◆ Information shown
____________________

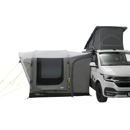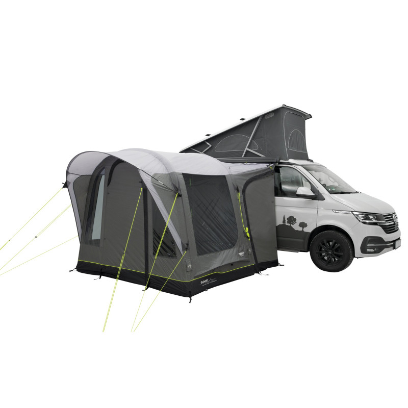 Markiza Newburg 160 Air to kompaktowa, nadmuchiwana markiza do furgonetki, łatwa w szybkim rozstawieniu. Posiada drzwi z moskitierą, zasłaniane okna i przestrzeń 260 x 160 cm z możliwością powiększenia.
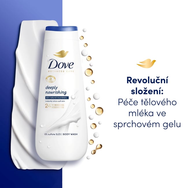 Nová řada sprchových gelů Dove Advanced Care má extra výživné složení pro okamžitě hydratovanou pokožku. Je obohacena o novou patentovanou technologií 24h Renewing MicroMoisture, která rozkládá olejové kapky na miliony mikrokapek pro lepší výživu pokožky.
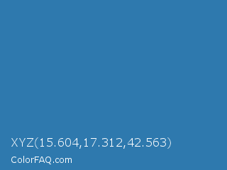 XYZ 15.604,17.312,42.563 Color is a normal blue color and the nearest color is Astral #327da0. Hex code #2e79ae and RGB value is rgb(46,121,174). In RGB color space, this color is composed of 18% red, 47% green, 68% blue, In CMYK color space, this color is composed of 74% cyan, 30% magenta, 0% yellow , 32% black , In HSL color space, this color has a hue angle of 205° , 58% saturation and 43% lightness.
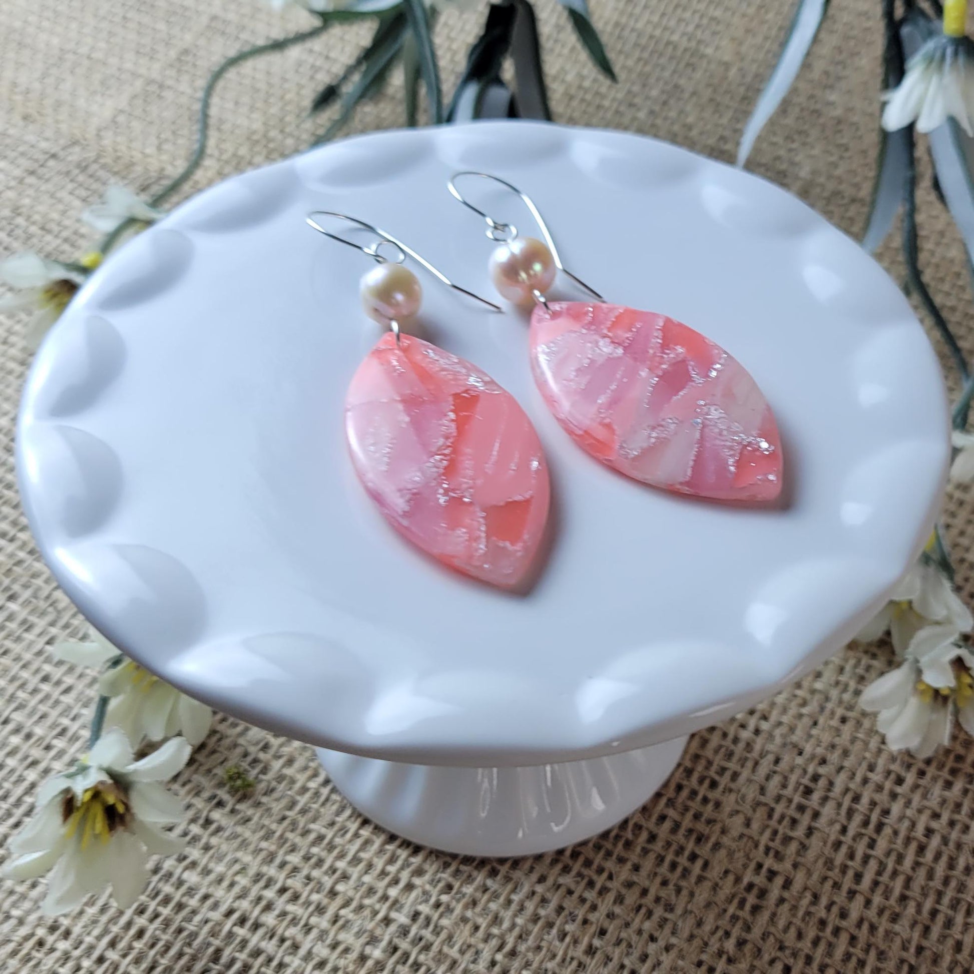 Rose Quartz Clay Earrings – Crystal-Inspired Jewelry for Love & Healing, Lightweight Dangle, Handmade Gift for Her, Boho Spiritual Style

____________________

◆ Exercise
Leave the pictures out and reproduce exactly the lines from the top of the listing above through the line with "Nová řada sprchových".

◆ Exercise solution
 Markiza Newburg 160 Air to kompaktowa, nadmuchiwana markiza do furgonetki, łatwa w szybkim rozstawieniu. Posiada drzwi z moskitierą, zasłaniane okna i przestrzeń 260 x 160 cm z możliwością powiększenia.
 Nová řada sprchových gelů Dove Advanced Care má extra výživné složení pro okamžitě hydratovanou pokožku. Je obohacena o novou patentovanou technologií 24h Renewing MicroMoisture, která rozkládá olejové kapky na miliony mikrokapek pro lepší výživu pokožky.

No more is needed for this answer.